:: Given material ::
☆ ☆ ☆ ☆ ☆

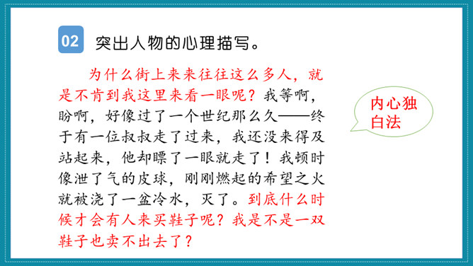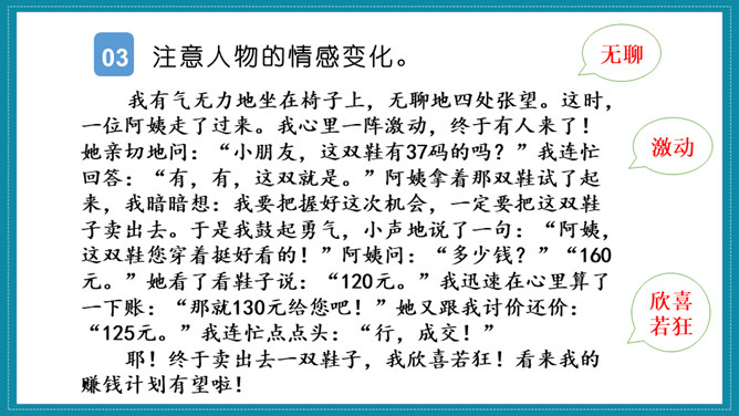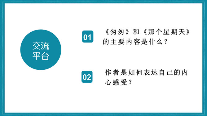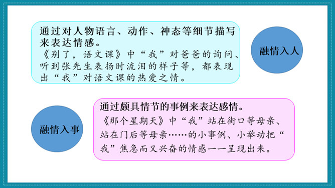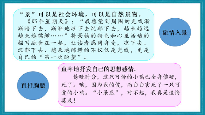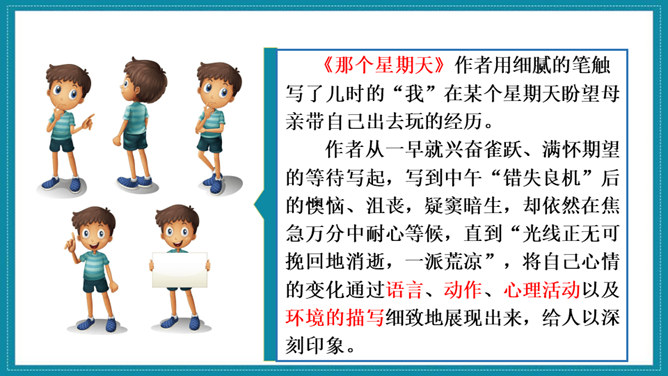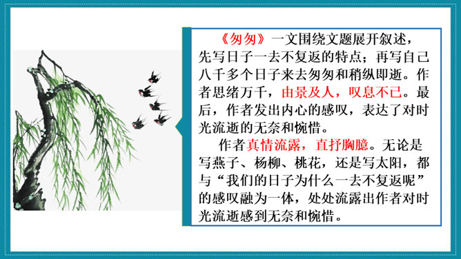 《匆匆》一文围绕文题展开叙述,先写日子一去不复返的特点;再写自己八千多个日子来去匆匆和稍纵即逝。作者思绪万千,由景及人,叹息不已。最后,作者发出内心的感叹,表达了对时光流逝的无奈和惋惜。作者真情流露,直抒胸臆。无论是写燕子、杨柳、桃花,还是写太阳,都与“我们的日子为什么一去不复返呢”的感叹融为一体,处处流露出作者对时光流逝感到无奈和惋惜。《那个星期天》作者用细腻的笔触写了儿时的“我”在某个星期天盼望母亲带自己出去玩的经历。作者从一早就兴奋雀跃、满怀期望的等待写起,写到中午“错失良机”后的懊恼、沮丧,疑窦暗生,却依然在焦急万分中耐心等候,直到“光线正无可挽回地消逝,一派荒凉”,将自己心情的变化通过语言、动作、心理活动以及环境的描写细致地展现出来,给人以深刻印象。所属专题:让真情自然流露ppt。
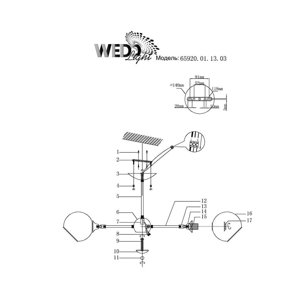 Производитель светильника рекомендует для устройства 3 лампы накаливания с цоколем E27 и мощностью 60 W, что позволит осветить помещение площадью 9 кв.м. Габариты изделия: высота – 320 мм, диаметр – 750 мм.
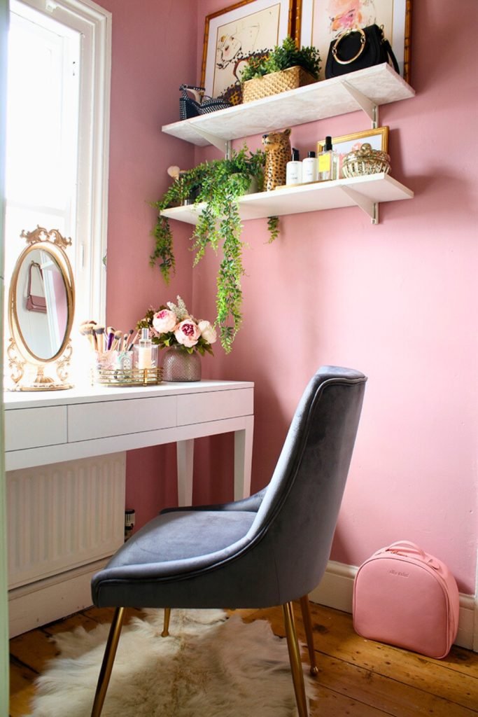 This cozy and chic vanity nook blends comfort with style. Set against a pink wall, the white vanity table features a classic mirror and neatly arranged makeup brushes.

☆ ☆ ☆ ☆ ☆

:: What this task involves ::
With the pictures omitted, copy exactly the lines from the line that contains "Производитель светильника рекомендует" through the end of the material.

:: Task output ::
 Производитель светильника рекомендует для устройства 3 лампы накаливания с цоколем E27 и мощностью 60 W, что позволит осветить помещение площадью 9 кв.м. Габариты изделия: высота – 320 мм, диаметр – 750 мм.
 This cozy and chic vanity nook blends comfort with style. Set against a pink wall, the white vanity table features a classic mirror and neatly arranged makeup brushes.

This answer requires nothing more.